Uma condição que existe para a recolha do Ramo da Espiga é que ela aconteça numa hora especial: entre o meio-dia e a uma da tarde.

Este costume parece apontar para o significado que o sol tem no rito (meio-dia é, habitualmente, a hora em que o sol está no seu apogeu, na sua força máxima).

Parece, igualmente, haver um paralelismo simétrico com a magia que a meia-noite transporta, e basta para isso vermos todas as crenças que pululam no país acerca das Noites de São João, em que as águas se tornam curativas a partir da meia-noite, e as moiras encantadas aparecem à vista humana precisamente nesta hora.

A tradição da hora era tão importante que, durante anos, a festa era também conhecida por Dia da Hora.

 

Significado do Dia da Espiga

No Dia da Espiga, como de resto como em quase todas as festividades religiosas em Portugal, conseguem vislumbrar-se tradições pagãs misturadas com práticas de fé católica. Só o facto de tratarmos a data por dois nomes diferentes – o Dia da Espiga como consagração da chegada da Primavera, a Quinta-Feira de Ascensão como celebração da subida de Cristo aos céus depois da Ressurreição – é revelador que baste.

Apesar das manifestações cristãs hoje existentes, a busca de ramos à terra mostra-nos ecos de outras festas, provavelmente de origem mediterrânea.

É difícil não nos lembrarmos de Ceres, Deusa romana da agricultura e do cereal, a quem era dedicado um festival – a Cereália – por esta altura do ano. Ceres é várias vezes representada com espigas na mão. Emerita Augusta, actual Mérida e antiga capital da Lusitânia, tem uma famosa estátua representando a Deusa.

Estátua à Deusa Ceres

Os cereais, atributo da Deusa Romana Ceres

Parece evidente que o Dia da Espiga se liga à antiguidade clássica e ao seu calendário festivo – e a somar a isso, temos as Maias, em homenagem a Flora, Deusa das Flores, e a Maia, Deusa da Primavera, ainda hoje acarinhadas com pequenos gestos como as giestas que se põem à janela no primeiro dia do mês de Maio.

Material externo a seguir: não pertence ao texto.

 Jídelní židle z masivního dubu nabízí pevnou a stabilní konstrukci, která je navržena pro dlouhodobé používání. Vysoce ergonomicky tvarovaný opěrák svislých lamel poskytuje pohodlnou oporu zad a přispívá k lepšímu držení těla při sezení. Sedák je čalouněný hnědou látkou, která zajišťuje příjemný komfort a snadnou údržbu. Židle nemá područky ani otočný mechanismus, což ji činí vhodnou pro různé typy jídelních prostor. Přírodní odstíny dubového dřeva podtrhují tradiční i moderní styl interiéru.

A espiga, sendo ao mesmo tempo alimento e semente, carrega esse simbolismo consigo: a abundância e o crescimento. Com ela se relacionava Osíris, Deus-Sol dos Egípcios, que morre (pelo grão que alimenta) e que ressuscita (pela semente que germina). Mais tarde, o cristianismo pegou neste mesmo simbolismo e aplicou-o a Cristo que, na mesma altura do ano, morre e ressuscita. São João, falando da morte e ressurreição de Jesus, recorre ao grão de trigo: Chegou a hora de ser glorificado o Filho do Homem. Em verdade, em verdade vos digo, se o grão de trigo, caindo na terra, não morrer, fica ele só; mas, se morrer, dá muito fruto.

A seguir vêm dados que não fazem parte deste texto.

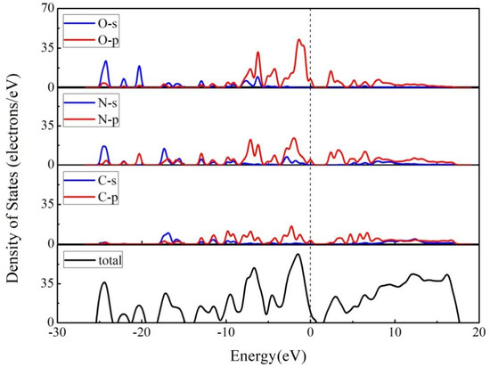 In order to analyze the bonding properties between atoms in DNTF compounds and the effect of pressure on the chemical bonding in the structure, the total density of states (TDOS) and the partial density of states (PDOS) were calculated. The total density of states and the partial density of states at 0 GPa are shown in Figure 5. It can be observed from Figure 5, in the energy range from −8 to 0 eV and the conduction band part, the TDOS mainly comes from the p orbitals of O, N and C atoms. In addition, the TDOS is mainly derived from the s orbitals of O, N and C atoms in the low energy region.

A espiga, e muito concretamente a espiga de trigo, é assim vista como um produto-essência, irreplicável, doação indivisível dos Deuses ao homem. A sua morte, como já foi dito, não é uma morte, pois do seu grão defunto nascem muitas outras espigas. É por isso que o Ramo de Espiga, quando levado para casa, carrega consigo a abundância, a esperança de nunca faltar pão no lar.